The Fashion Mall at Keystone is wall-to-wall human stew, but the crowds are well behaved and attentive, hanging on Moulton's every word. The air is teeming with excitement and … is that cilantro?
“What do you think?” Willingham asks Yoder. “More than the Idols drew?”
“Hard to tell,” Yoder responds. “They're more sedate. When the Idols were here, it was sheer pandemonium.”
The “Idols” to which they are referring are the American Idols, a nationwide phenomena which brought mass hysteria to Simon malls across the country in 2003, thanks to Simon Brand Ventures and its unique relationship with Coca-Cola, sponsor of the immensely popular program.

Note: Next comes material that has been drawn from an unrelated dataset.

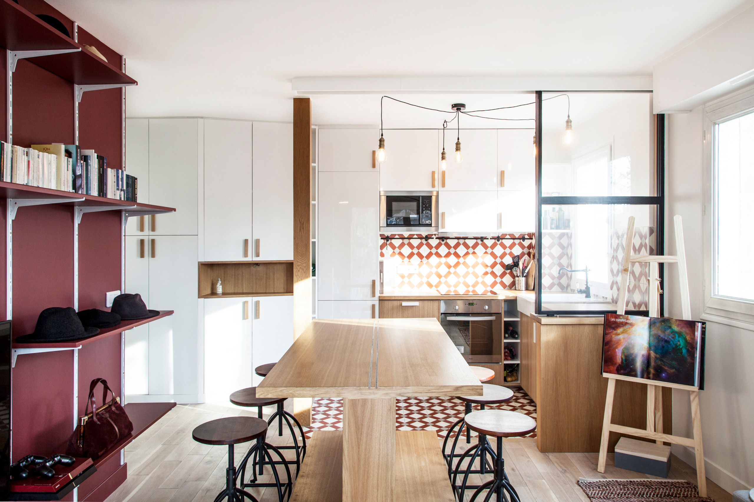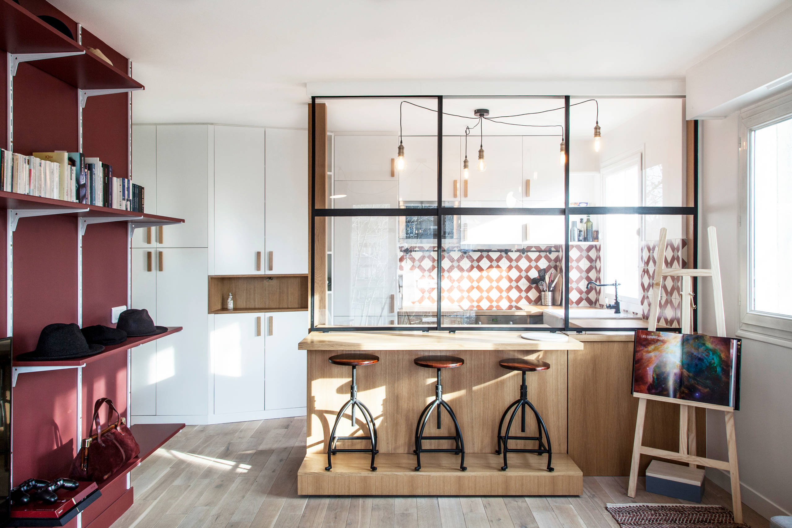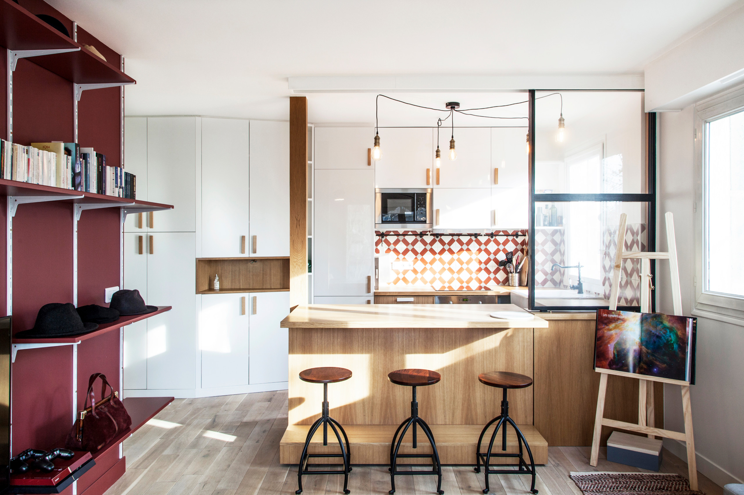 Ein Küchentresen, der Tisch und Raumteiler sein kann? In diesem französischen 40-qm-Apartment sorgt er für Stimmung

“Of the 246 malls that we own, we generate traffic to the tune of 2 billion people a year,” said Stewart Stockdale, Simon's chief marketing officer and president of Simon Brand Ventures. “Approximately one-third of Americans shop at a Simon mall every year. If you take the NBA, NFL, NASCAR, all the major sports combined, their events would only equal one-fourth of our traffic. We are a PEOPLE machine.”
Hence, Simon Brand Ventures, the relatively new consumer arm of the company that monetizes the vast traffic generated daily, is in effect, making commerce from commerce. Exhibit #1 might be the wild success of the Simon Gift Card, which generated $340 million in sales in 2003.
“In the past, shopping malls grew up individualistically, as stand-alone entities,” Stockdale said. “Now, we look at ourselves on a portfolio — or network — level. We really are the only mall operator in this country with a national footprint.”
And an impressive footprint at that, leading to strategic partnerships with Coca-Cola, Cingular, Visa and the like. Not to mention a new relationship with Arbitron to quantify just how effective mall marketing truly is.
“The malls are a perfect way for brands to reach consumers. Not only can you send your message through a media channel at the mall; you can sample the product and hopefully make the sale. Plus, there are opportunities for activity-based marketing like the American Idol tour and the Simon Super Chefs Live! event.”
Which makes Simon's current advertising theme, “More Choices,” as applicable to its marketing partners as it is to consumers.
There's a popular anecdote told and re-told throughout the company about Melvin Simon, co-founder, once saying that he wanted to charge every person who entered his mall a dollar. At the time, everyone laughed.
This year, Simon Brand Ventures plans to generate $85 million in revenue. And Melvin gets the last laugh.
10:00 p.m., the mall doors are locked, the final guests bid goodnight. It is the end of a long day, and the beginning of another.
While it's closing time in most of America, a new day is dawning in other parts of the world. And Simon is already at work.
Enter Simon's international business initiative in Europe, which will help Simon bring its tried-and-true business practices to the world marketplace.
Soon, Simon will pilot Simon Business Network programs in select European properties.
“We're exporting our intellectual capital,” said Cavanagh. “Helping companies overseas implement the same successful programs in their respective markets.”
Meanwhile, back at home, Simon is building four new open-air centers of its own in Indianapolis, Jacksonville, Austin and, while the Phase III expansion of The Forum Shops at Caesars nears completion.
Somewhere deep within Simon's headquarters in Indianapolis, Indiana, a gong is ringing.